If you are afraid of making a bad call and hesitate as a result then you've probably already lost. Be decisive, but at the same time don't be afraid to cancel a call if the situation changes (eg you're pushing and you suddenly lose two players). Just try not to "un-cancel" calls too often though, because nothing is worse than telling your team "Get in! No wait get out! Actually get back in!". It is very likely that the confusion and chaos created by rapidly making contradicting calls will cause your team to lose regardless of other considerations.
Whenever possible, try and tell your team ahead of time what they're going to be doing. It is much easier for your team to coordinate and prepare if they have at least a few seconds warning. The most common example is calling that you're going to push when you get uber. As long as you call your percentages your team will know exactly when to start moving.

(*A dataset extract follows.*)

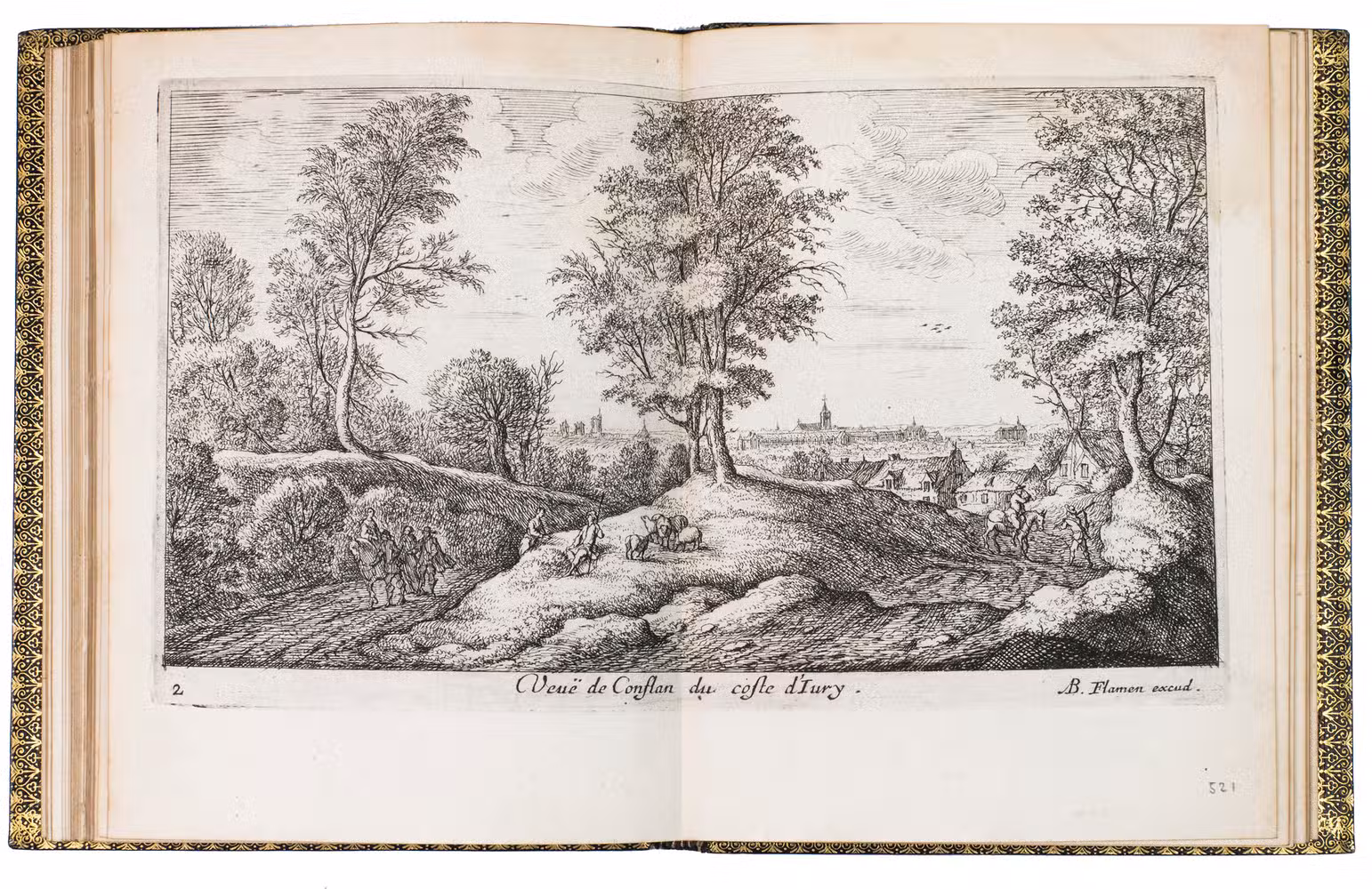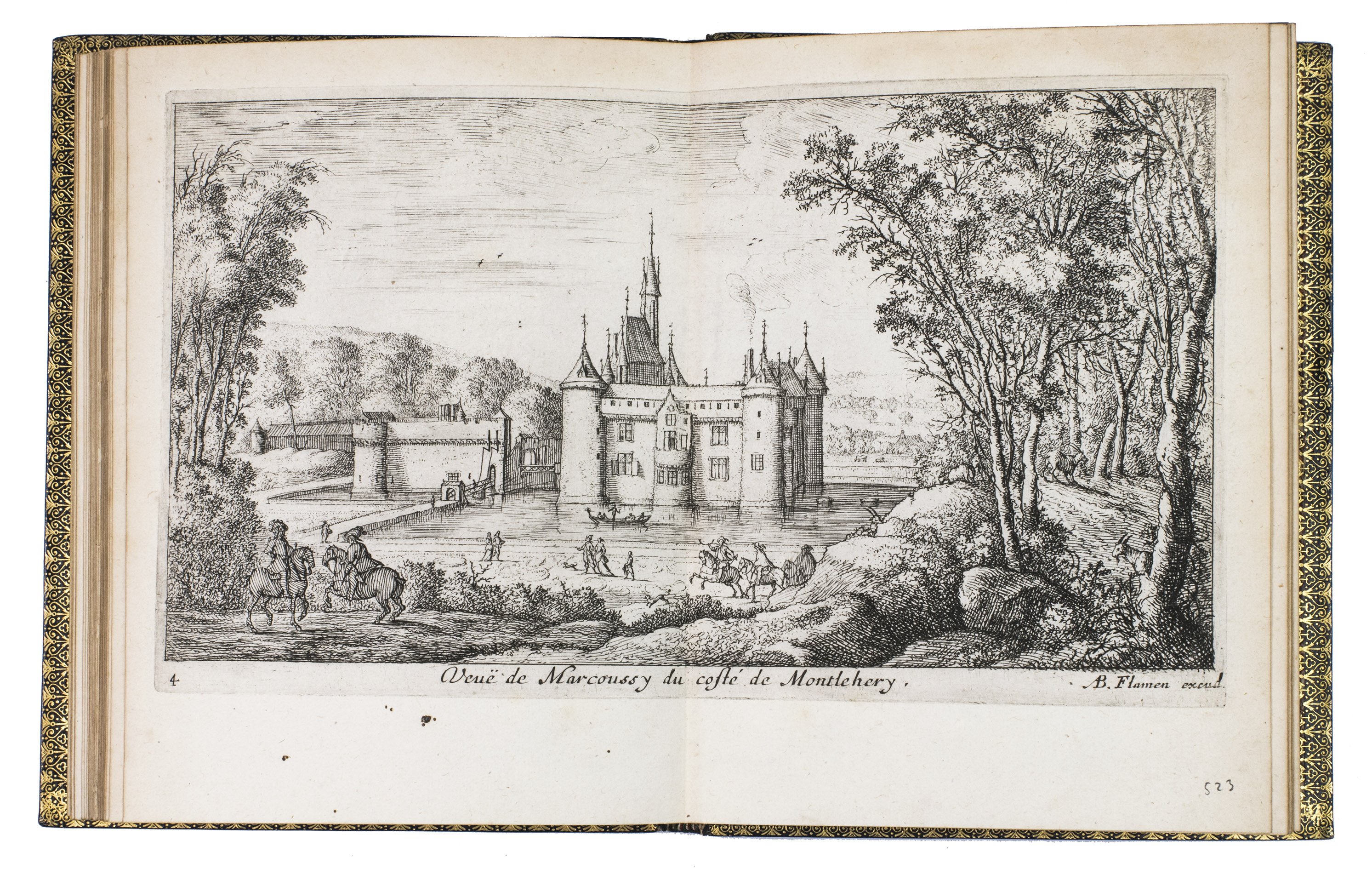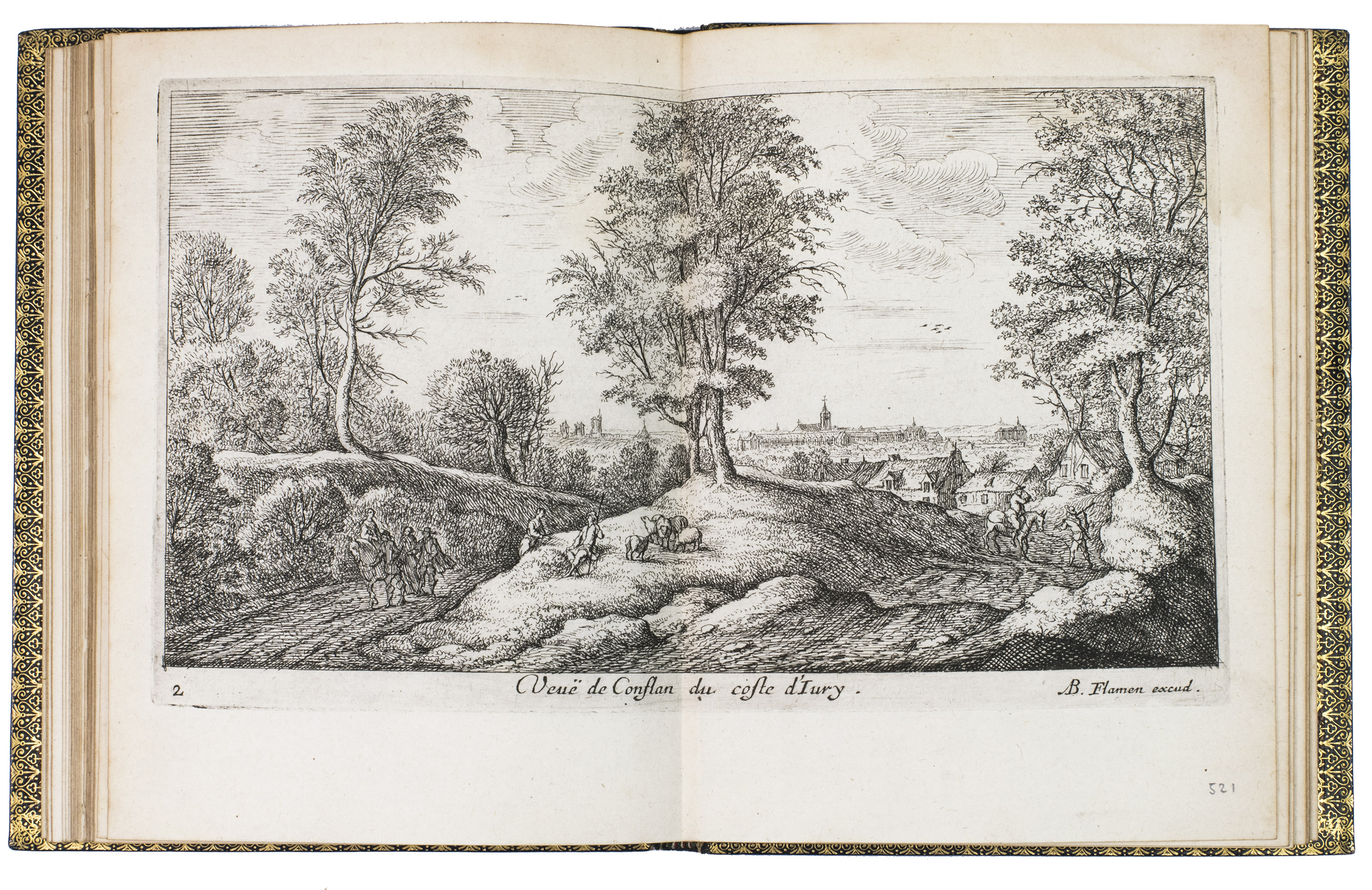 Paris, [Jacques Lagniet (ads 1, 3), Jacques van Merlen (ad 4), unknown publisher (ads 2, 5)], [ca. 1660]. Small 4to (16.5 x 13 cm). Five series of small oblong folio etched views (16 x 21.5-23 cm; plate size: 10 x 17 to 12.5 x 21.5 cm), 3 complete, 1 incomplete and 1 documented only as separate prints. Each print folded to form a double leaf and mounted on a stub so that it can open flat. Gold-tooled, dark green goatskin morocco (ca. 1890). [6]; [7]; [6 of 12]; 4; [2] etched ll.

Your team may lack context for some of your calls. It is good to be specific as possible within practical limits. If there is information that would be useful to your team and it can be communicated quickly and efficiently, then you should incorporate it into your call. Just calling "push left" often doesn't give your team very much to work with. You should tell your team who is getting the uber and approximately when you're going to pop it. For example, "I'm gonna take pocket and scout left side. We're popping through". If you're holding your team needs to know whether to hold close or passive. If you're pushing it may be useful to tell your team to push slowly or to "go aggro".
It is good to give your team "status updates". Basically, since you are probably the best judge of what the overall situation is like it is important to communicate with your team how the fight is going and what their priorities should be. The most important example of this is to tell your team how effective your uber is ("good uber" or "bad uber" is simple and to the point). If your team hears "bad uber" they know to gtfo. Other common examples include "Our health is shit. Back out.", "We're winning this, keep pushing" or "We have to deal with the stuff behind".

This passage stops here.